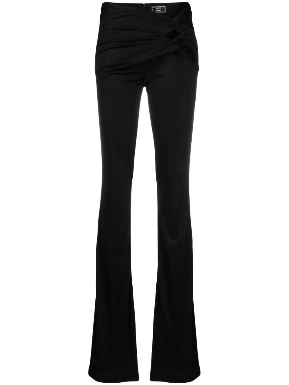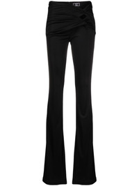 x Dua Lipa knotted flared trousers Cut-outs and knots permeate Versace's co-designed capsule collection with singer-songwriter Dua Lipa, making their way onto these black trousers. They are made from fluid jersey to a low-rise, flared silhouette adorned with the excised and tied detailing, resulting in tactile ruching around the waist. Highlights - Black - Lightweight jersey - Knot detailing - Ruched detailing - Cut-out detailing - Flared - Concealed rear zip fastening - Authenticity qr code Made in Italy Composition Viscose 100% SIZE & FIT Model measurements Height 5 ft 10 in(1.78 m) Bust/Chest 29.92 in(76 cm) Hips 34.64 in(88 cm) Waist 23.62 in(60 cm) Measurement INSIDE LEG 38.58 in(98 cm) HIPS 34.64 in(88 cm) WAIST 31.49 in(80 cm) FittingInformation Designed with a flared hem, these trousers allow for a close fit at the waist with a slim fit over the leg and widening towards the hem Made from a midweight fabric This piece fits true to size – take your usual size
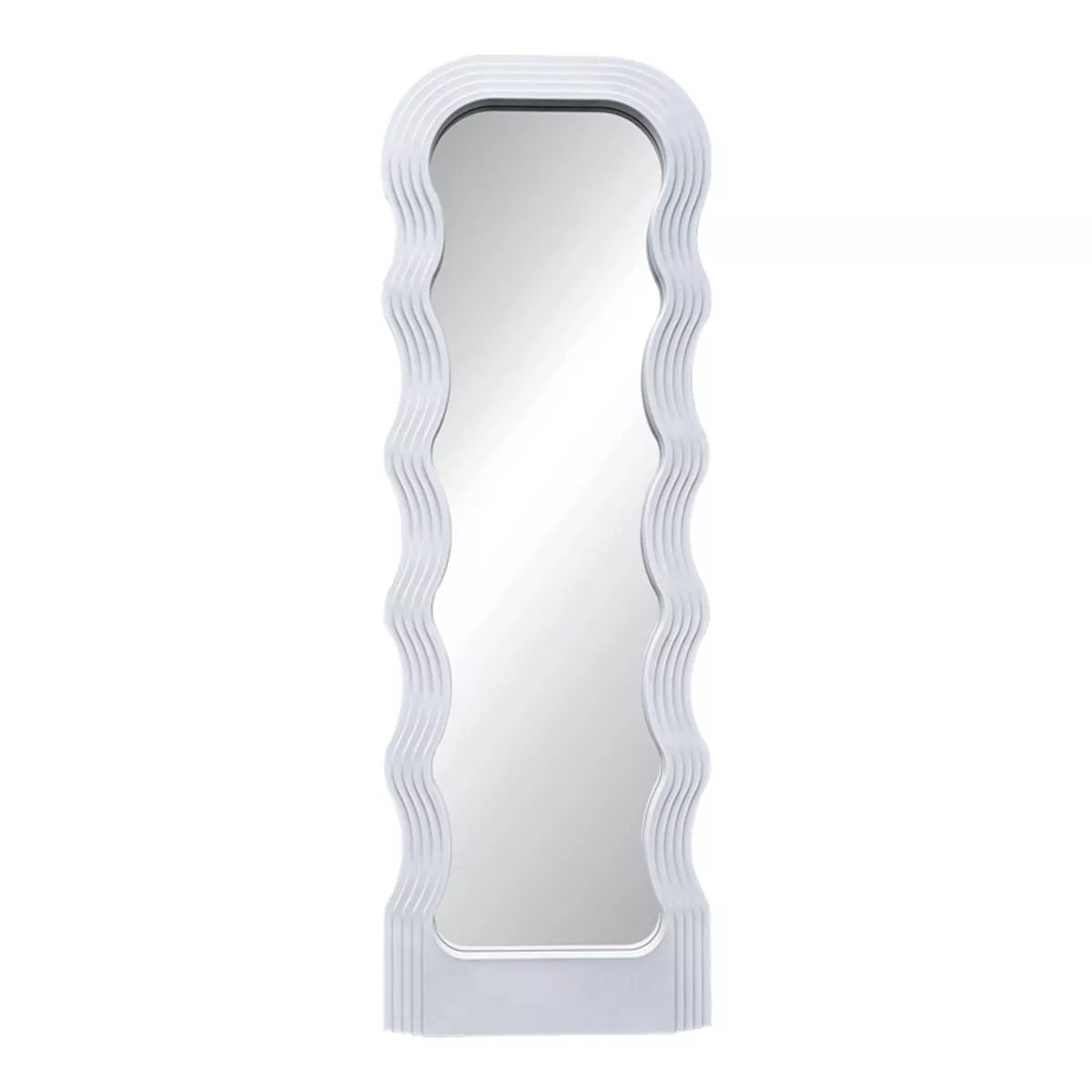 Its unique, wavy design adds a modern and playful aesthetic, making it ideal for bringing visual interest to any room. The full mirror surface offers practicality, while its distinctive frame also serves as a decorative element.
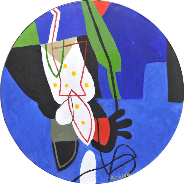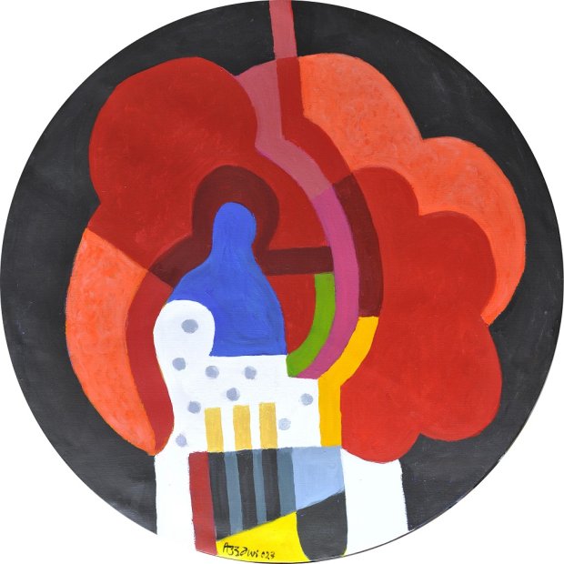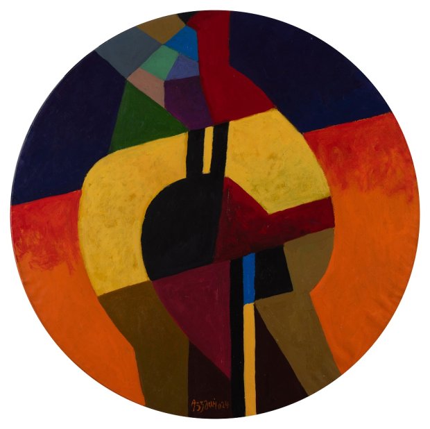 Sunny Day, 2024. Acrylic on canvas, diameter 80 cm. © Dia Al-Azzawi. Courtesy Galerie Claude Lemand, Paris.
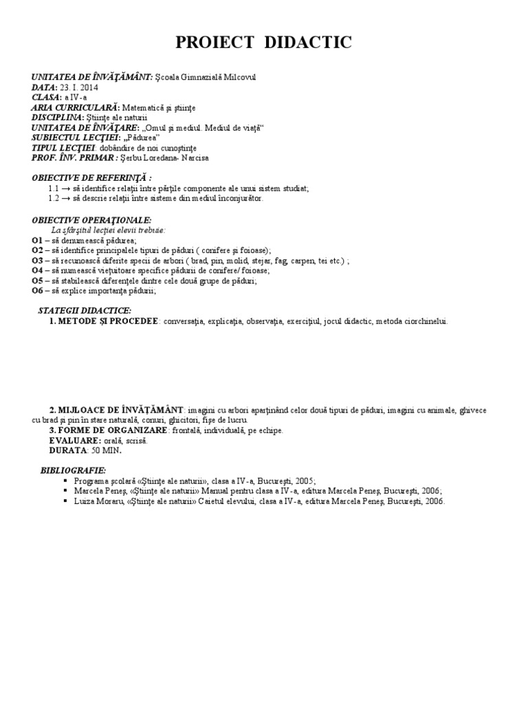 PROIECT DIDACTIC
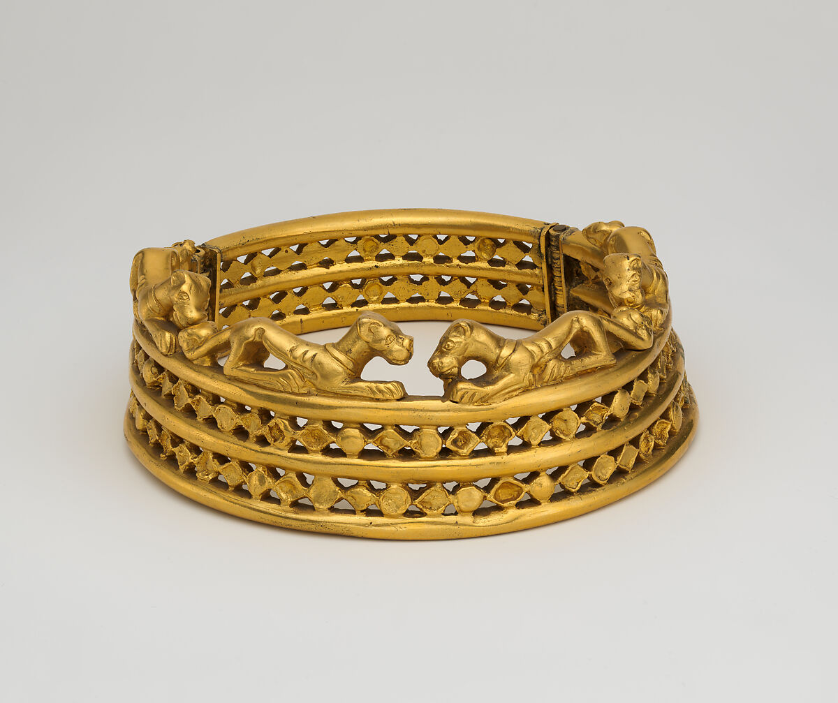 This modern electrotype is a copy of a gold collar in the Hermitage Museum, St. Petersburg. The original was found in 1864 in the Khokhlach kurgan (burial mound) in the vicinity of Novocherkassk, one of the largest cities of the Don region. It was part of a group of precious objects – a crown, collars, ornaments, cups, flacons or perfume-boxes – known as the “Treasure of Novocherkassk” and thought to be the burial of an elite Sarmatian woman in the first century A.D. Sarmatian objects are decorated with animal imagery comparable to the earlier Scythian “animal style” and frequently enhanced with colored inlays. The hinged collar is three rings, joined by a band of lozenges and disks originally set with turquoise. On the upper edge are two pairs of lions facing each other.

# [Problem description]
Text only, no pictures: copy every entry exactly.

# [Written answer]
 x Dua Lipa knotted flared trousers Cut-outs and knots permeate Versace's co-designed capsule collection with singer-songwriter Dua Lipa, making their way onto these black trousers. They are made from fluid jersey to a low-rise, flared silhouette adorned with the excised and tied detailing, resulting in tactile ruching around the waist. Highlights - Black - Lightweight jersey - Knot detailing - Ruched detailing - Cut-out detailing - Flared - Concealed rear zip fastening - Authenticity qr code Made in Italy Composition Viscose 100% SIZE & FIT Model measurements Height 5 ft 10 in(1.78 m) Bust/Chest 29.92 in(76 cm) Hips 34.64 in(88 cm) Waist 23.62 in(60 cm) Measurement INSIDE LEG 38.58 in(98 cm) HIPS 34.64 in(88 cm) WAIST 31.49 in(80 cm) FittingInformation Designed with a flared hem, these trousers allow for a close fit at the waist with a slim fit over the leg and widening towards the hem Made from a midweight fabric This piece fits true to size – take your usual size
 Its unique, wavy design adds a modern and playful aesthetic, making it ideal for bringing visual interest to any room. The full mirror surface offers practicality, while its distinctive frame also serves as a decorative element.
 Sunny Day, 2024. Acrylic on canvas, diameter 80 cm. © Dia Al-Azzawi. Courtesy Galerie Claude Lemand, Paris.
 PROIECT DIDACTIC
 This modern electrotype is a copy of a gold collar in the Hermitage Museum, St. Petersburg. The original was found in 1864 in the Khokhlach kurgan (burial mound) in the vicinity of Novocherkassk, one of the largest cities of the Don region. It was part of a group of precious objects – a crown, collars, ornaments, cups, flacons or perfume-boxes – known as the “Treasure of Novocherkassk” and thought to be the burial of an elite Sarmatian woman in the first century A.D. Sarmatian objects are decorated with animal imagery comparable to the earlier Scythian “animal style” and frequently enhanced with colored inlays. The hinged collar is three rings, joined by a band of lozenges and disks originally set with turquoise. On the upper edge are two pairs of lions facing each other.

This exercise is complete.